**Data excerpt:**
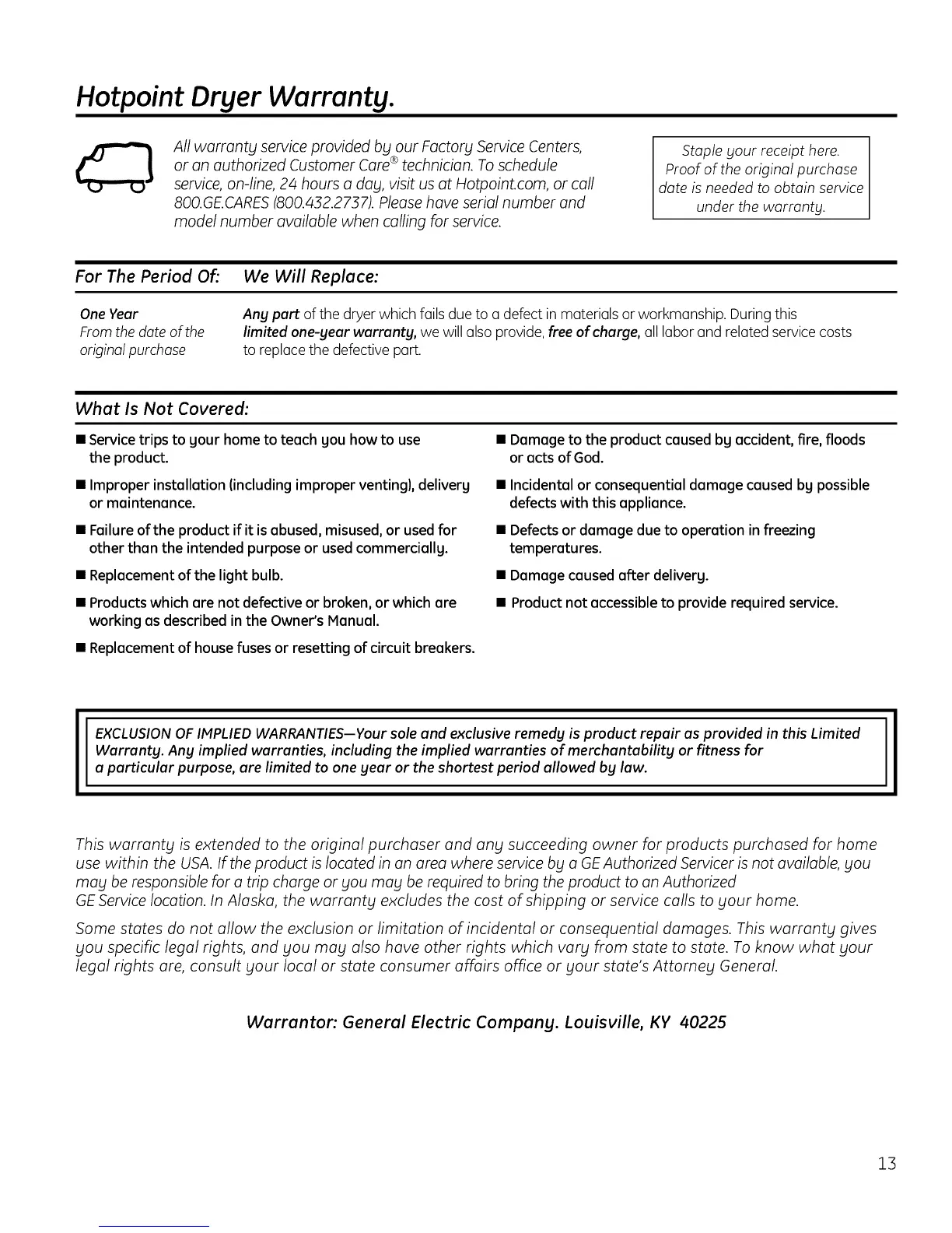 Warrantor'. General Electric Compang. Louisville, KY 40225
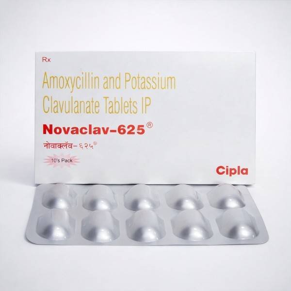 Novaclav–625 Tablet is a prescription antibiotic medicine designed to manage a wide range of bacterial infections. It combines a penicillin-class antibiotic with a beta-lactamase inhibitor to improve effectiveness against resistant bacteria.
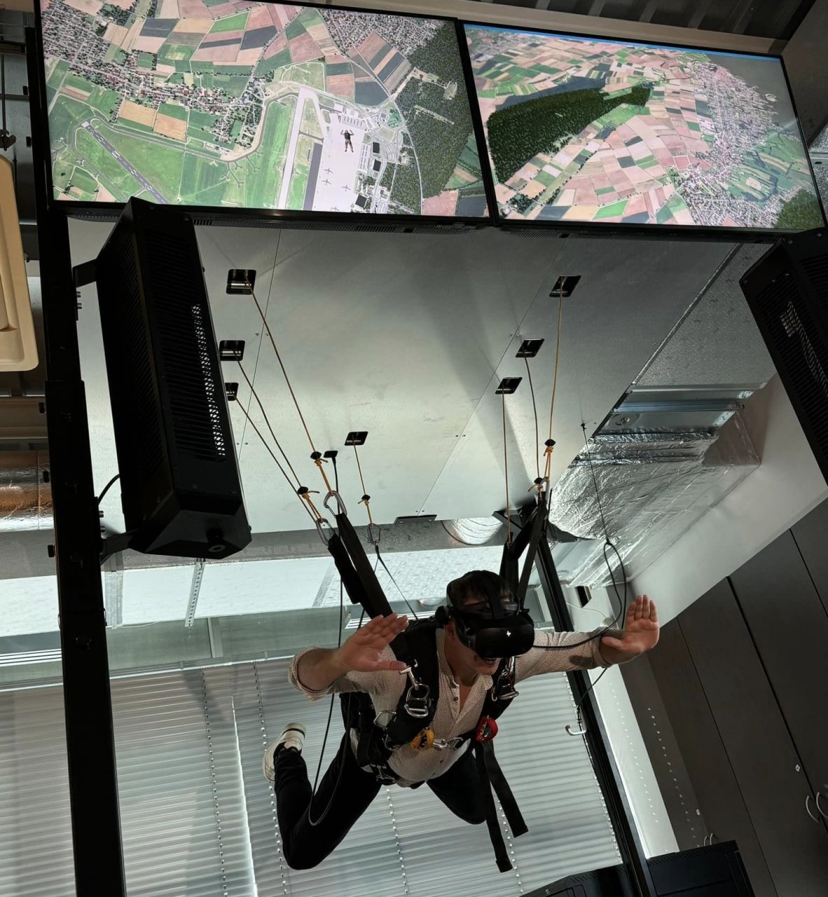 Simulátor seskoku padákem s využitím virtuální reality, naprosto reálný pocit seskoku pomocí trenažeru simulující volný pád, na kterém trénují profesionální parašutisté. Bojíte se skočit tandemový seskok, vyzkoušejte si to na nejlepším trenažeru na světě.

**Task to complete:** Only the pictures in the listing above get left out; print everything else exactly.

**Expected output:**
 Warrantor'. General Electric Compang. Louisville, KY 40225
 Novaclav–625 Tablet is a prescription antibiotic medicine designed to manage a wide range of bacterial infections. It combines a penicillin-class antibiotic with a beta-lactamase inhibitor to improve effectiveness against resistant bacteria.
 Simulátor seskoku padákem s využitím virtuální reality, naprosto reálný pocit seskoku pomocí trenažeru simulující volný pád, na kterém trénují profesionální parašutisté. Bojíte se skočit tandemový seskok, vyzkoušejte si to na nejlepším trenažeru na světě.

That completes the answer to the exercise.